А Олег все гладил ее руки, приподнимал ее за плечи. Губы его шевелились, он что-то говорил-говорил. А Вера жила в себе, ее открытие после года терзаний, что этот взбалмошный себялюбец, обласканный столькими женскими сердцами, совершенно чужой ей человек.
Надо просто собравшись с силами подняться и уйти навсегда из этой холостяцкой квартиры, в которой побывала ни одна особа.
«Встать и уйти» - от принятого решения ей стало легко и спокойно. Вера вновь при¬крыла глаза и теперь только услышала его голос. Он что-то спрашивал, и до нее донес¬лось - «хочешь, переезжай ко мне жить...»
Странно то, что он этого не хотел, боялся Вериных слез. Вера улыбнулась, осторожно спустила ноги на пушистый ковер. Да, жил Олег роскошно. Был директором супермаркета. Что только не водилось у него: и икоркой баловал, и первоклассным балычком, всякими заморскими угощениями. Сам не пил, но напитки строем стояли в баре и умиляли хозяина своей пышностью. «Ох, слава богу, отошла Веруня, сейчас я живо сооружу, и мы с тобой кутнем, а? – лукаво подмигнул он и засуетился у столика. Сейчас подкатит его к ее коленям, как это и бывало (любит шик), обведет рукой - «мол, видишь, как стараюсь для тебя, ничего не жалея - цени» -и ловко плеснет в рюмки коньячку. Потом залюбуется звоном хрусталя, выпьет, откинет мизинец и возьмет тонкий ломтик белого хлеба с икрой, тщательно пережевывая откушенный кусочек. Метнет победный взгляд - «вот какой я, а?»

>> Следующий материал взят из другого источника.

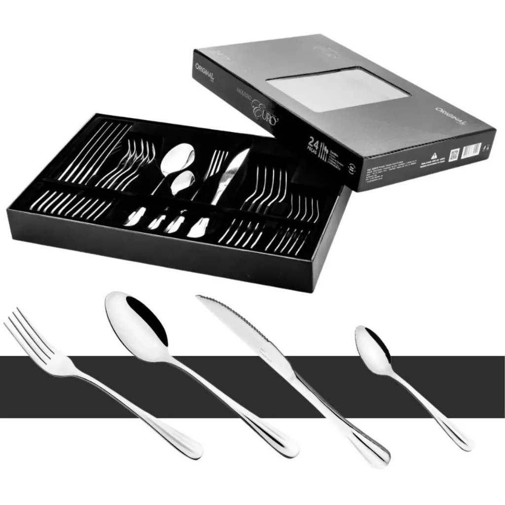 Jogo De Talheres Faqueiro Euro Com 24 Peças Completo De Aço Inox Designer Lindo E Elegante Original

А Вера решила для себя главное и теперь наблюдала с удовольствием. «Не дам повториться спектаклю, эх, не дам».
- Олежка, красавец ты мой, прости дурочку Веру, бабе в сорок пять, знаешь - всякое в голову лезет, тебя только напугала. Простишь?

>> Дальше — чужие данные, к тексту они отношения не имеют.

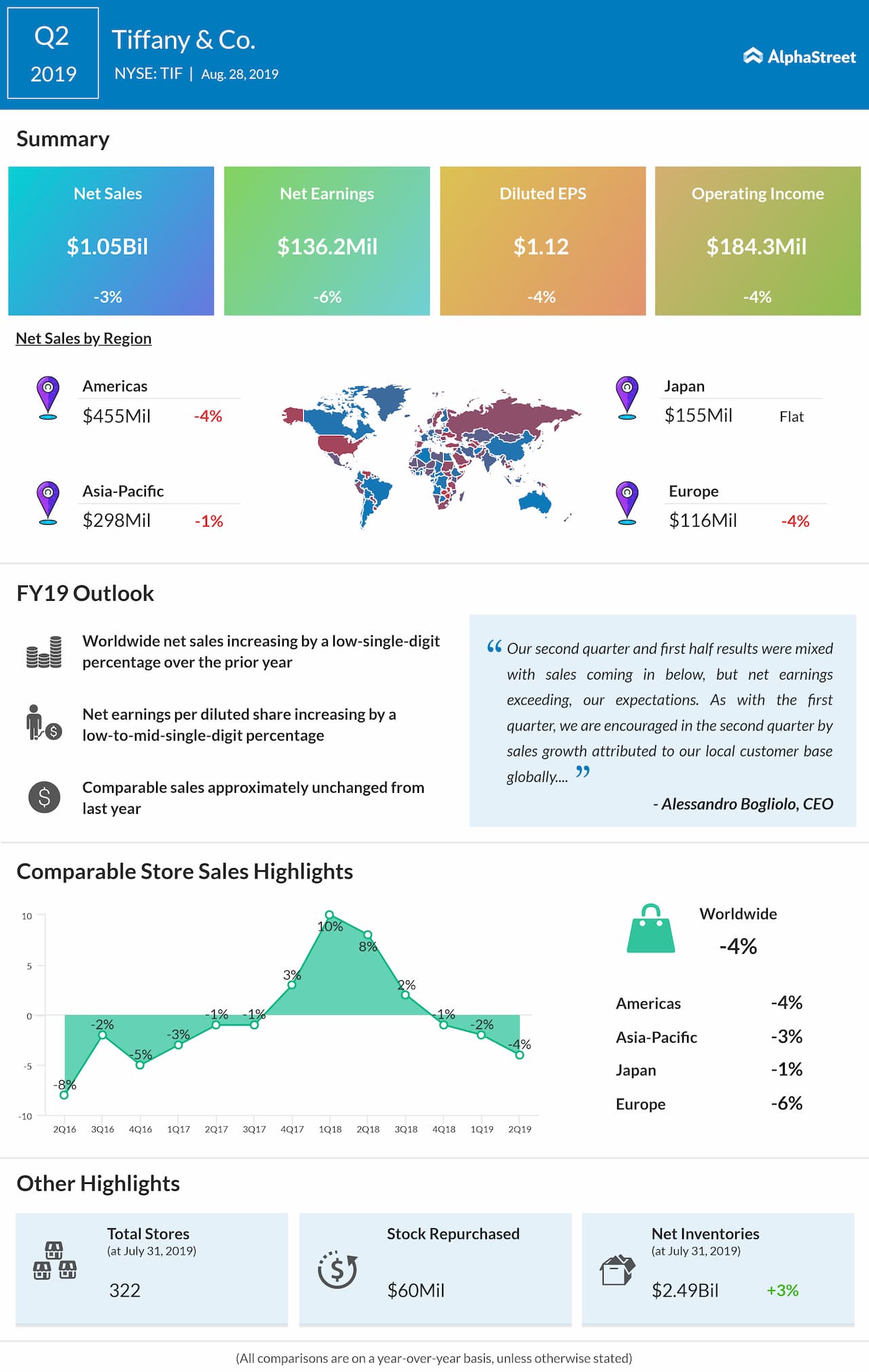 In the first half, Tiffany has opened three Company-operated stores and closed two. At July 31, 2019, the company operated 322 stores, out of which 124 in the Americas, 90 in Asia-Pacific, 56 in Japan, 47 in Europe, and five in the UAE.

- Ну что ты, дорогая. Не будем помнить плохое, выпьем за хорошее и ... расслабимся, да, зайка? - он подмигнул ей, губы вытянулись трубочкой в воздушном поцелуе, а в глазах уже появился туман от предвкушения темпераментных Вериных ласк. «Ну, хороша, черт возьми. А как соблазнительна в неглиже, любую двадцатилетку заткнет за пояс... Возьму и женюсь, - шальная мысль вспыхнула и погасла. «До пятидесяти дотяну, и там поглядим. А волосы...» И он подкатил к Вере столик, безукоризненно сервированный на две персоны. Это дело Олег Борисыч знал тонко. Батистовые вышитые по углам салфетки красиво свисали по краям столика. Балычок ломтиками искрился на фарфоре, белоснежные шампиньоны горкой лежали в салатнице. Мясной салатик, будто из ресторана, уже был в перламутровых маленьких тарелочках. Коньячная бутылка стояла наготове. «Да, Вера, не мужик, а клад, а ты его по боку, подумала?» - мелькнуло и тут же исчезло сомнение.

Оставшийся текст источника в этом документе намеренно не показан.